Дядя Вася не стал дожидаться, что его попросят войти, деликатность дяди Васи так далеко не простиралась. Он открыл дверь, вошел и сел у стола. Круглое, плоское лицо в красных морщинах, больная нога в валенке, здоровая — в ботинке.

— Ну, подлецы! Ну есть же люди! — сказал Вася. — Отказался. Вчера, так просто кипел: "Ты скажи, я возьму! Чтобы никому не отдавал!" А сегодня ему, вишь, дорого. У нас есть одна падла, бухгалтерша, вся в прыщах, наверно начала шептать: "Зачем тебе подержанная, зачем у кого-то, купи в комиссионке, там с гарантией". Я говорю: "Иван Алексеевич! У людей берешь, я знаю у кого, машина новая, только что куплена пять лет, а не работали. У нас в доме горячей воды нет, им невыгодно на газе ведрами кипятить. Стояла машина. Эмаль нигде не побита". А он говорит: "Василий Михайлович! Я в комиссионке смотрел — совсем новая, прошлого года с паспортом, за 68 рублей". Я тогда говорю: "Ну и что? Семь рублей экономишь?

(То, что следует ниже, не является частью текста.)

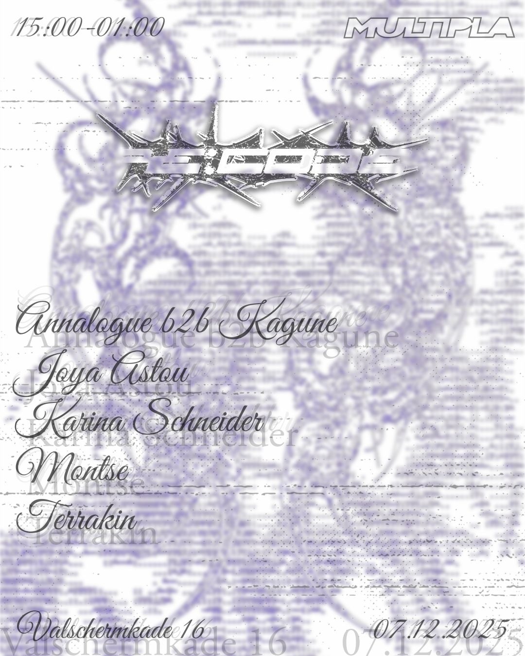 From 15:00 till 01:00, Multipla transforms into a space for deep dub and driving techno - a slow build into full motion. Experience a special line-up of established and rising artists shaping the Amsterdam scene.

Так они в магазин на комиссию, небось, такую выставили, чтобы избавиться. Бракованная, наверно, с завода. Чинили чинили, надоело, вот торг ее и сбагрил в комиссионку. У меня знакомые купили в комиссионке, на Мельничной телевизор за 215, так потом год плакали, пока продали за сто. Телевизор прямо с завода пришел в комиссионку с паспортом и гарантией, а не годился". А он мне говорит: "Василий Михайлович! Что вы так за евреев беспокоитесь? Они в Израиль едут, пусть горят". Вот сволочь!

— Не расстраивайся. Кто-нибудь уж купит.

— Нет, какая сволочь! Совсем новая стиральная машина с цитрифугой? Не знаю, не выговорить, а он нос воротит. Зачем он ко мне приставал с ней, зачем упрашивал? Вот люди есть!…

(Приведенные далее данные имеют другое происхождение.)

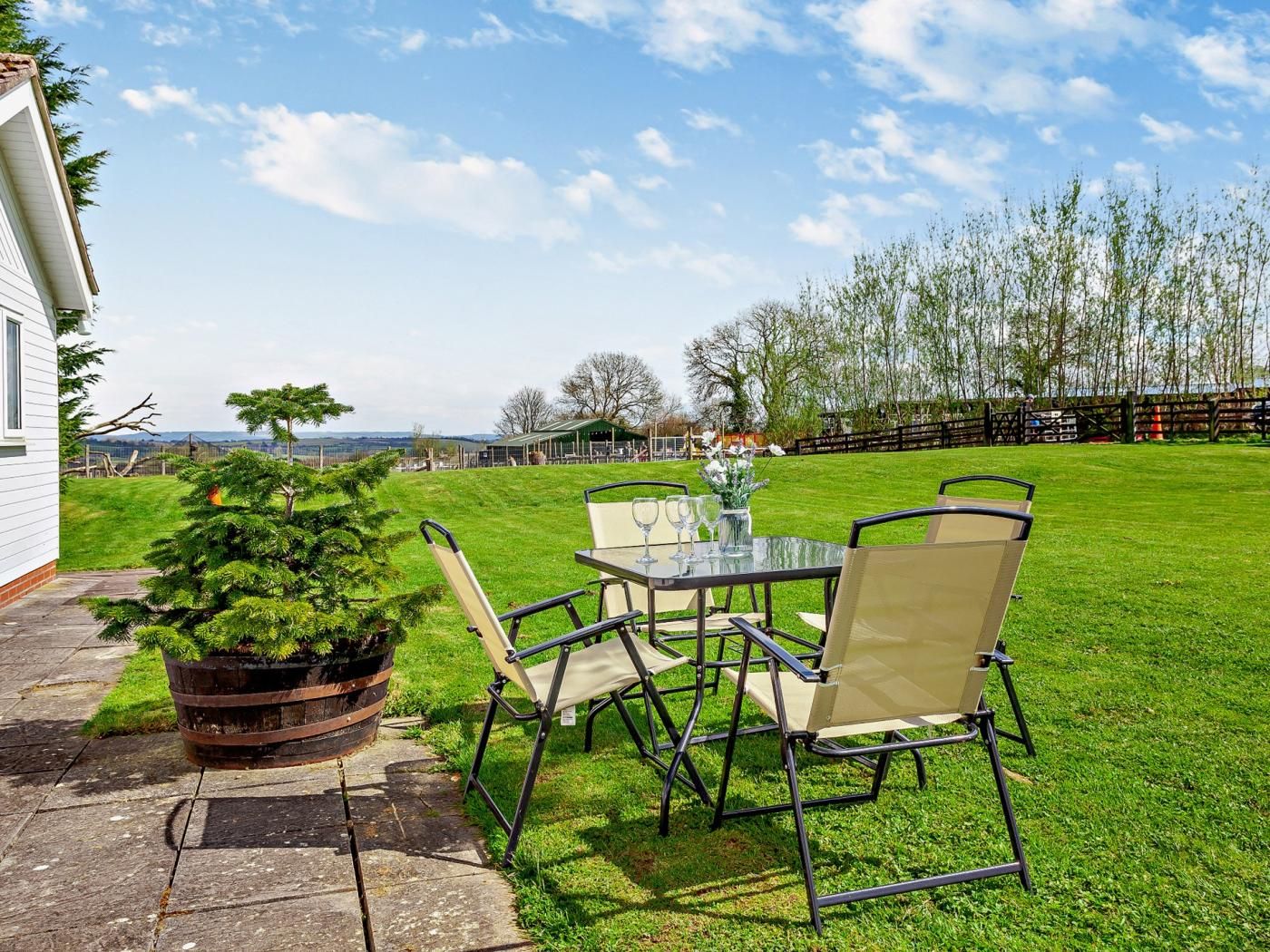 Situated within the grounds of the owners’ licensed zoo, a variety of animals can be seen grazing nearby, from pygmy goats to alpacas.

— Ты смотри, чтоб тебе не было неприятностей из-за нас.

— А ну их к бесу. Что я такого делаю? Соседи ведь, двадцать лет с Аней в одной квартире живем. Что я помочь не могу?

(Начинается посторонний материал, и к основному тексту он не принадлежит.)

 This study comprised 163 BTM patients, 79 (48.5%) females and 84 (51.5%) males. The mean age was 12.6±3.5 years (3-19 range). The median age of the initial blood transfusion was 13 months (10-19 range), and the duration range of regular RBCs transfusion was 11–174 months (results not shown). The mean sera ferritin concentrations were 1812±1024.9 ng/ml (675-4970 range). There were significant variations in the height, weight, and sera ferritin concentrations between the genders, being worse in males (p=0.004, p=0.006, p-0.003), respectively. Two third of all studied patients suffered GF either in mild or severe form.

— Ты же знаешь, как на это смотрят.

— Где сказано, что нельзя помогать? Государство разрешает выезжать в Израиль, что я — умнее государства?

— Ты партийный.

— Ну и что? Разве я уезжаю? Если вы так решили, ваше дело. Я бы ни за что не поехал к капиталистам. Ну его, боюсь, кругом хозяева, эксплоатация. Но раз правительство разрешает вам… Что я с вами в политику впускаюсь?

Миша мог бы припомнить дяде Васе, как он не раз и не десять раз пускался в эту самую политику. Как кричал: "У капиталистов рабочему человеку конец!", а Стасик, ухмыляясь, спрашивал: "Ладно. Капиталисты — волки. Но Сашка Гальперин, мой корыш, работал на "ВЕФе" электриком, получал 140, еле тянул, а в Израиле у частника имеет 1500 и купил автомобиль за год и мебель!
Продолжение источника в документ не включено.